Что еще сказать вам? может быть, вы мало удовлетворены и тем, что я уже сказал: что делать? Гораздо легче чувствовать и понимать прекрасное, нежели заставлять других чувствовать и понимать его! Если одни из читателей, прочтя мою статью, скажут: «это правда», или по крайней мере: «во всем этом есть и правда»; если другие, прочтя ее, захотят прочесть и разобранные в ней сочинения, – мой долг выполнен, цель достигнута.
Но какой же общий результат выведу я из всего сказанного мною? Что такое г. Гоголь в нашей литературе? Где его место в ней? Чего должно ожидать нам от него, от него, еще только начавшего свое поприще, и как начавшего? Не мое дело раздавать венки бессмертия поэтам, осуждать на жизнь или смерть литературные произведения; если я сказал, что г. Гоголь поэт, я уже все сказал, я уже лишил себя права делать ему судейские приговоры. Теперь у нас слово «поэт» потеряло свое значение: его смешали с словом «писатель». У нас много писателей, некоторые даже с дарованием, но нет поэтов. Поэт высокое и святое слово; в нем заключается неумирающая слава! Но дарование имеет свои степени; Козлов, Жуковский, Пушкин, Шиллер: эти люди поэты, но равны ли они? Разве не спорят еще и теперь, кто выше: Шиллер или Гёте? Разве общий голос не назвал Шекспира царем поэтов, единственным и несравненным? И вот задача критики: определить степень, занимаемую художником в кругу своих собратий. Но г. Гоголь еще только начал свое поприще; следовательно, наше дело высказать свое мнение о его дебюте и о надеждах в будущем, которые подает этот дебют. Эти надежды велики, ибо г. Гоголь владеет талантом необыкновенным, сильным и высоким. По крайней мере в настоящее время он является главою литературы, главою поэтов; он становится на место, оставленное Пушкиным. Предоставим времени решить, чем и как кончится поприще г. Гоголя, а теперь будем желать, чтобы этот прекрасный талант долго сиял на небосклоне нашей литературы, чтобы его деятельность равнялась его силе.

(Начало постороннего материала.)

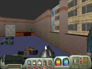 Treppen, Aufzügen und sogar Beamfeldern lassen eine Assoziation mit 'Doom' zu.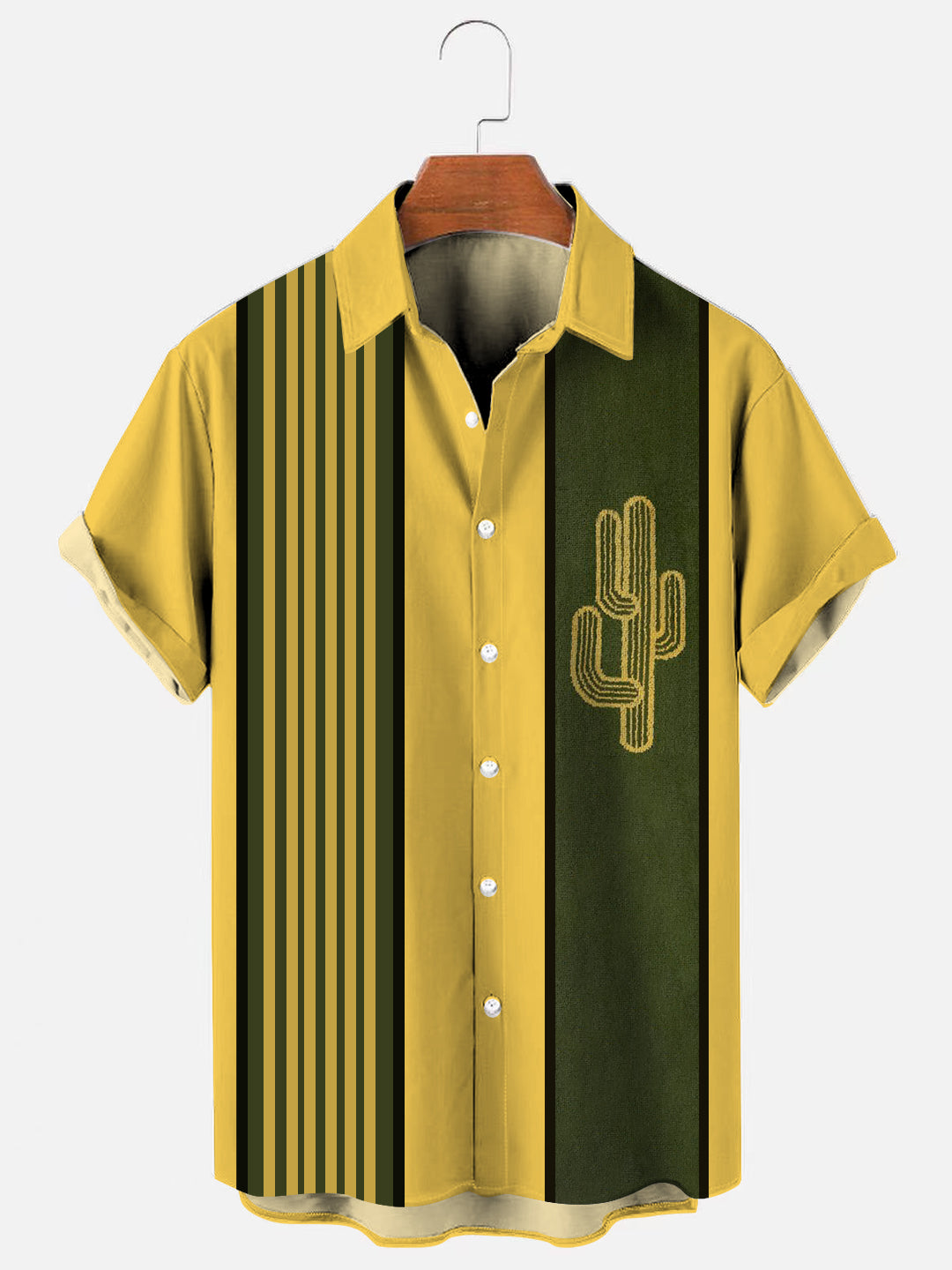 Men's Cactus Cowboy Print Vintage Bowling Shirt

В «Арабесках» помещены два отрывка из романа. Об этих отрывках нельзя судить как об отдельном и целом создании; но о них можно сказать, что они вполне могут служить залогом тех надежд, о которых я говорил. Поэты бывают двух родов: одни только доступны поэзии, и она у них бывает более способностию, чем даром или талантом, и много зависит от внешних обстоятельств жизни; у других дар поэзии есть нечто положительное, нечто составляющее нераздельную часть их бытия. Первые, иногда один раз в целую жизнь, выскажут какую-нибудь прекрасную поэтическую грезу и, как будто обессиленные тяжестью свершенного ими подвига, ослабевают и падают в последующих своих произведениях; и вот отчего у них первый опыт, по большей части, бывает прекрасен, а последующие постепенно подрывают их славу. Другие с каждым новым произведением возвышаются и крепнут; г. Гоголь принадлежит к числу этих последних поэтов: этого довольно!
Я забыл еще об одном достоинстве его произведений; это лиризм, которым проникнуты его описания таких предметов, которыми он увлекается. Описывает ли он бедную мать, это существо высокое и страждущее, это воплощение святого чувства любви, – сколько тоски, грусти и любви в его описании! Описывает ли он юную красоту – сколько упоения, восторга в его описании! Описывает ли он красоту своей родной, своей возлюбленной Малороссии – это сын, ласкающийся к обожаемой матери. Помните ли вы его описание безбрежных степей днепровских? Какая широкая, размашистая кисть! Какой разгул чувств! Какая роскошь и простота в этом описании! Чорт вас возьми, степи, как вы хороши у г. Гоголя!..
В одном журнале было изъявлено странное желание, чтобы г. Гоголь попробовал своих сил в изображении высших слоев общества: вот мысль, которая в наше время отзывается ужасным анахронизмом! Как! неужели поэт может сказать себе: дай опишу то или другое, дай попробую себя в том или другом роде?.. И притом разве предмет делает что-нибудь для достоинства сочинения? Разве это не аксиома: где жизнь, там и поэзия? Но мои «разве» никогда бы не кончились, если бы я захотел высказать их все, без остатка. Нет, пусть г. Гоголь описывает то, что велит ему описывать его вдохновение, и пусть страшится описывать то, что велят ему описывать или его воля, или гг. критики. Свобода художника состоит в гармонии его собственной воли с какою-то внешнею, не зависящею от него волею, или лучше сказать, его воля есть вдохновение!..[139]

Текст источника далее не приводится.